● Problem details
Your task is to copy the records that follow exactly, minus any images.

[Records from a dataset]
··········

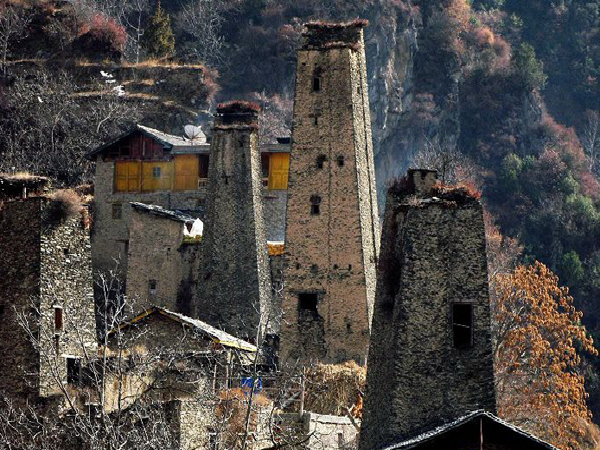 在羌語(yǔ)中,碉樓被稱為“邛籠”,意為美麗、高貴的房子,早在2000年前《后漢書(shū)·西南夷傳》就有羌族人“依山居止,壘石為屋,高者至十余丈”的記載。碉樓的高度在十米至三十米之間,用于御敵、貯存糧食和柴草。碉樓有四角、六角、八角幾形式,有的高達(dá)十三四層。建筑材料是石片和黃泥土,墻基深1.35米,以石片砌成。石墻內(nèi)側(cè)與地面垂直,外側(cè)由下而上向內(nèi)稍傾斜。修建時(shí)不繪圖、吊線、柱架支撐,全憑高超的技藝與經(jīng)驗(yàn)。建筑穩(wěn)固牢靠,經(jīng)久不衰。自唐朝來(lái),羌族人民因各種原因向西北遷移,到了西藏和青海,所以現(xiàn)在,羌族碉樓也往往被稱為藏族碉樓。
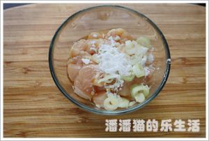 鸡肉切成块放入料酒、淀粉腌制十分钟。
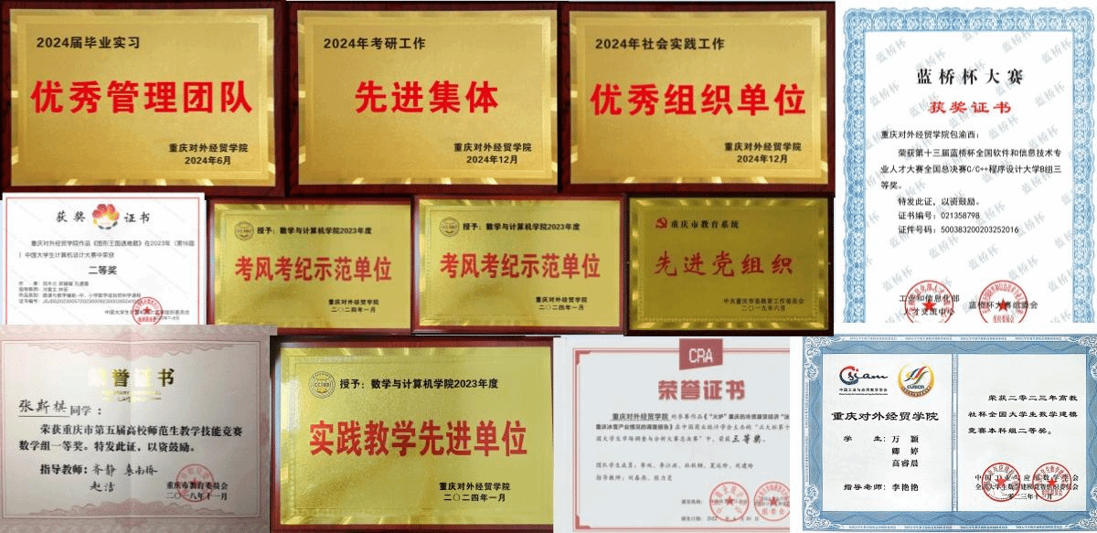 学院坚持“院-校-市-国家-国际”五级竞赛机制,实施“竞赛与课程相结合、竞赛与科研相结合、竞赛与创新相结合”三结合模式,积极鼓励学生参加各级各类学科竞赛。近5年,学生获省部级以上奖项867项,并呈逐年上升态势;部分奖项也有所突破,美国大学生数学建模竞赛M奖,数学建模比赛获全国二等奖,计算机设计大赛全国二等奖,重庆市师范技能大赛中荣获一等奖。
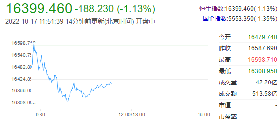 恒指早盘收跌1.13%,报16399.46点;恒生科技指数收跌2.46%,报3127.61点;医美概念股走高,微创医疗大涨10%;回港中概股走低,百度跌7.5%,哔哩哔哩跌5%;港股润歌互动上市首日涨超150%,报1.64港元每股。
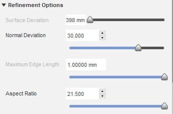 Cette option permet de choisir entre trois des niveaux prédéfinis pour la finesse du maillage : faible, moyen et élevé. Cela déterminera le nombre total de triangles utilisés pour le modèle. Il existe une autre option personnalisée qui permet à l'utilisateur de faire un maillage plus fin, à partir des paramètres suivants :
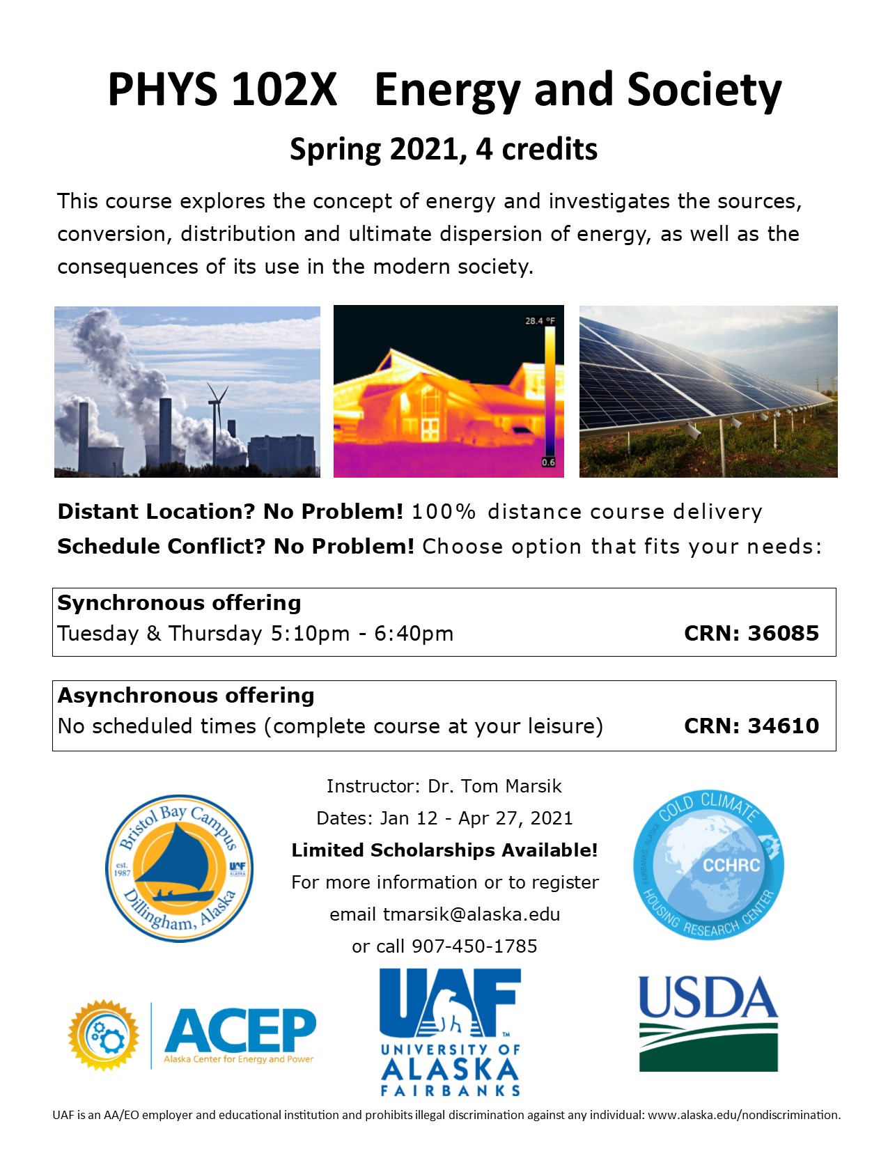 Start the spring semester off right by learning about the energy all around you! The four-credit Energy and Society class, taught by ACEP’s Tom Marsik, explores the concept of energy. The course investigates the sources, conversion, distribution and ultimate dispersion of energy, as well as the consequences of its use in the modern society.
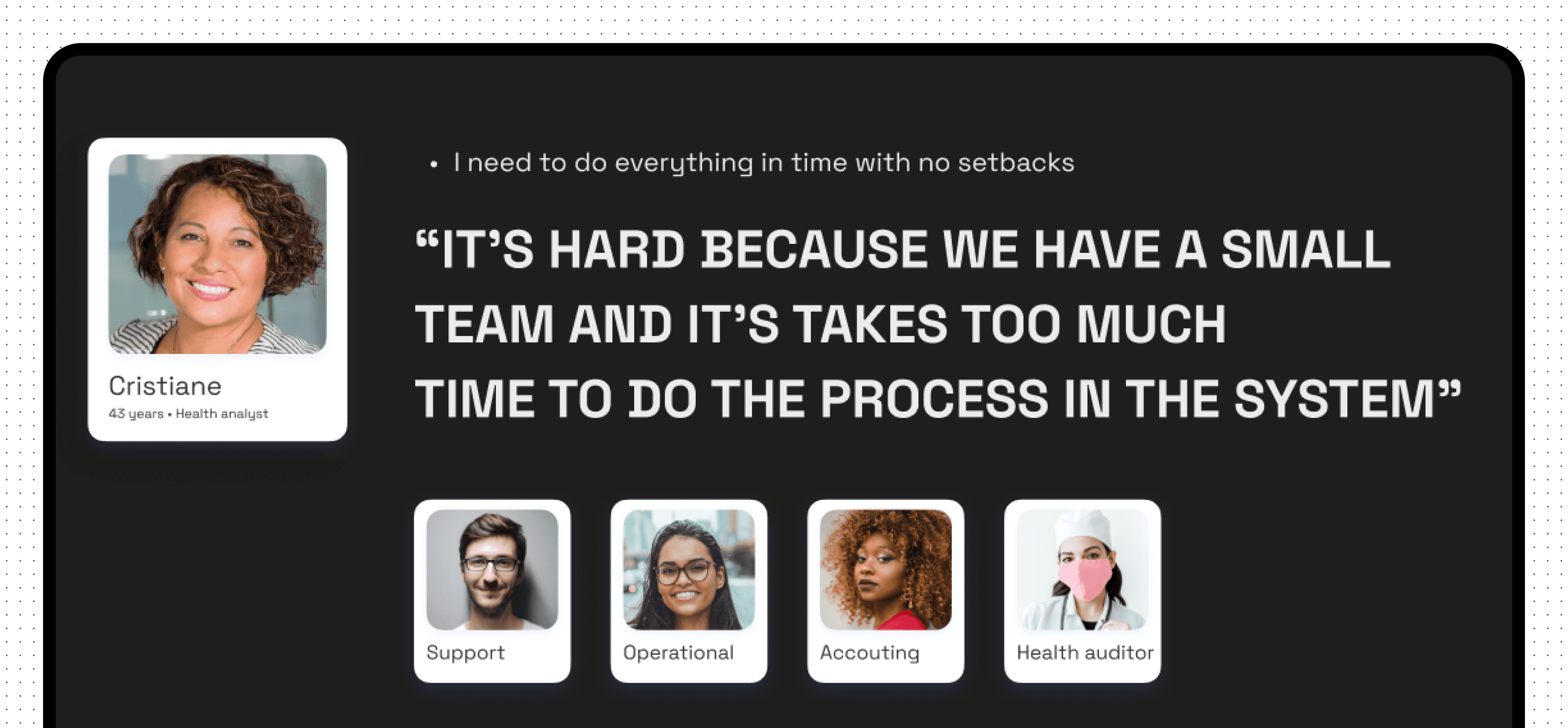 We started the project with a research stage, in order to better understand users and their needs, identify the main pain points in the current process and possible opportunities. With that in mind, and taking into account the geographic limitation, we created a research plan using quantitative and qualitative research, where we were be able to interview users from the 4 areas involved in the process and collect the necessary data.
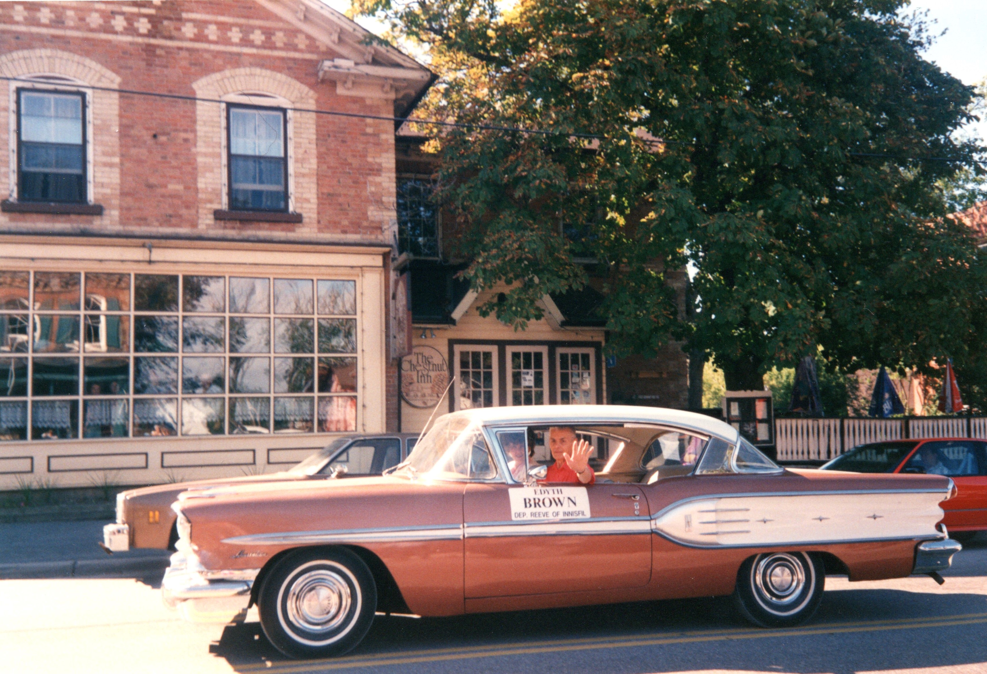 Image of a brown and white vintage car, with a sign that reads "Edyth Brown Dep. Reeve of Innisfil". In the driver's seat is Geoff Dawney in a red t-shirt, waving at the camera with Edyth Brown in the passenger's seat. The car was part of a parade down Queen Street in Cookstown.

··········

● Result of this exercise
 在羌語(yǔ)中,碉樓被稱為“邛籠”,意為美麗、高貴的房子,早在2000年前《后漢書(shū)·西南夷傳》就有羌族人“依山居止,壘石為屋,高者至十余丈”的記載。碉樓的高度在十米至三十米之間,用于御敵、貯存糧食和柴草。碉樓有四角、六角、八角幾形式,有的高達(dá)十三四層。建筑材料是石片和黃泥土,墻基深1.35米,以石片砌成。石墻內(nèi)側(cè)與地面垂直,外側(cè)由下而上向內(nèi)稍傾斜。修建時(shí)不繪圖、吊線、柱架支撐,全憑高超的技藝與經(jīng)驗(yàn)。建筑穩(wěn)固牢靠,經(jīng)久不衰。自唐朝來(lái),羌族人民因各種原因向西北遷移,到了西藏和青海,所以現(xiàn)在,羌族碉樓也往往被稱為藏族碉樓。
 鸡肉切成块放入料酒、淀粉腌制十分钟。
 学院坚持“院-校-市-国家-国际”五级竞赛机制,实施“竞赛与课程相结合、竞赛与科研相结合、竞赛与创新相结合”三结合模式,积极鼓励学生参加各级各类学科竞赛。近5年,学生获省部级以上奖项867项,并呈逐年上升态势;部分奖项也有所突破,美国大学生数学建模竞赛M奖,数学建模比赛获全国二等奖,计算机设计大赛全国二等奖,重庆市师范技能大赛中荣获一等奖。
 恒指早盘收跌1.13%,报16399.46点;恒生科技指数收跌2.46%,报3127.61点;医美概念股走高,微创医疗大涨10%;回港中概股走低,百度跌7.5%,哔哩哔哩跌5%;港股润歌互动上市首日涨超150%,报1.64港元每股。
 Cette option permet de choisir entre trois des niveaux prédéfinis pour la finesse du maillage : faible, moyen et élevé. Cela déterminera le nombre total de triangles utilisés pour le modèle. Il existe une autre option personnalisée qui permet à l'utilisateur de faire un maillage plus fin, à partir des paramètres suivants :
 Start the spring semester off right by learning about the energy all around you! The four-credit Energy and Society class, taught by ACEP’s Tom Marsik, explores the concept of energy. The course investigates the sources, conversion, distribution and ultimate dispersion of energy, as well as the consequences of its use in the modern society.
 We started the project with a research stage, in order to better understand users and their needs, identify the main pain points in the current process and possible opportunities. With that in mind, and taking into account the geographic limitation, we created a research plan using quantitative and qualitative research, where we were be able to interview users from the 4 areas involved in the process and collect the necessary data.
 Image of a brown and white vintage car, with a sign that reads "Edyth Brown Dep. Reeve of Innisfil". In the driver's seat is Geoff Dawney in a red t-shirt, waving at the camera with Edyth Brown in the passenger's seat. The car was part of a parade down Queen Street in Cookstown.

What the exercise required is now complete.